Capítulo VI

A la mañana siguiente, Simon Doyle se acercó a Hércules Poirot cuando éste abandonaba el hotel para dirigirse a la ciudad.

—Buenos días, señor Poirot.

—Buenos días, señor Doyle.

—¿Va usted a la ciudad? ¿Me permite que vaya con usted?

—Ciertamente. Me encantará.

Los dos hombres, andando al mismo paso, atravesaron la verja y penetraron en la fresca sombra de los jardines. Entonces, Simon se quitó la pipa de la boca y habló:

—Tengo entendido que mi mujer celebró anoche una larga conferencia con usted.

—En efecto...

Simon Doyle arrugó el entrecejo. Pertenecía a esa especie de hombres de acción a quienes les resulta difícil traducir sus pensamientos en palabras y les cuesta ímprobos esfuerzos expresarse con claridad.

—Me complace una cosa —dijo—. Le ha hecho comprender que no podemos hacer nada en este asunto.

—No hay ningún medio legal para impedirlo —repuso Poirot.

—Exactamente. Linnet ha sido educada en la creencia de que cualquier dificultad puede referirse automáticamente a la policía.

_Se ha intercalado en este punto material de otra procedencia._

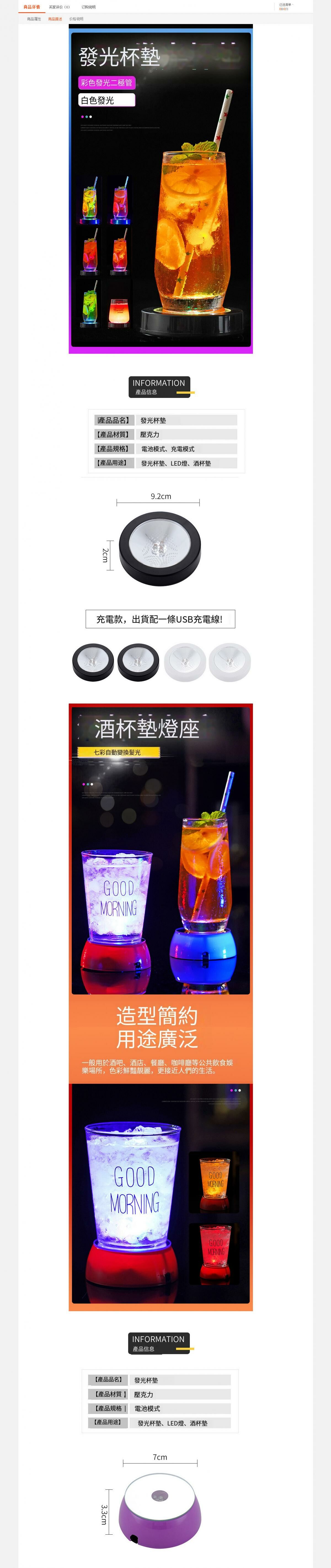 熱推杯墊燈座酒墊發光杯墊(圓形透明+白光-【2個裝】)

Poirot inclinó la cabeza gravemente, pero no dijo nada.

—Habló usted con... Jacqueline, con la señorita Bellefort. ¿Verdad?

—Sí, hablé con ella.

—¿Consiguió hacerla entrar en razón?

—Me temo que no.

Simon estalló, iracundo:

—¿No se da ella cuenta de lo que está haciendo? ¿No ve que ninguna mujer decente se habría comportado así...? ¿Carece de amor propio?

Poirot se encogió de hombros.

—No tiene más idea que el sentimiento de su ofensa —replicó.

—Sí, pero maldita sea, las muchachas decentes no obran así. Admito que se me culpe a mí. La traté muy mal. Comprendería que me odiase y que no quisiese volver a verme. Pero esta persecución de que nos hace objeto es... indecente. ¡Qué espectáculo continuo el suyo! ¿Qué diablos espera conseguir con todo eso?

—Vengarse, tal vez.

—Absurdo. Realmente, comprendería mejor que ella hubiese intentado algo melodramático... como disparar sobre mí o algo por el estilo.

—Usted quiere decir que eso habría sido más propio de ella. Tiene razón.

—Eso es precisamente. Ella tiene la sangre ardiente y un temperamento ingobernable. No me hubiese sorprendido nada de ella en un momento de rabia. Pero este procedimiento como de espionaje... —movió la cabeza.

—Es más sutil. ¡Es inteligente!

Doyle le miró con fijeza.

—No lo comprende, señor. Está destrozando los nervios de Linnet.

—¿Y los de usted?

Simon se le quedó mirando sorprendido.

—¿Los míos? ¡Me gustaría romperle el cuello!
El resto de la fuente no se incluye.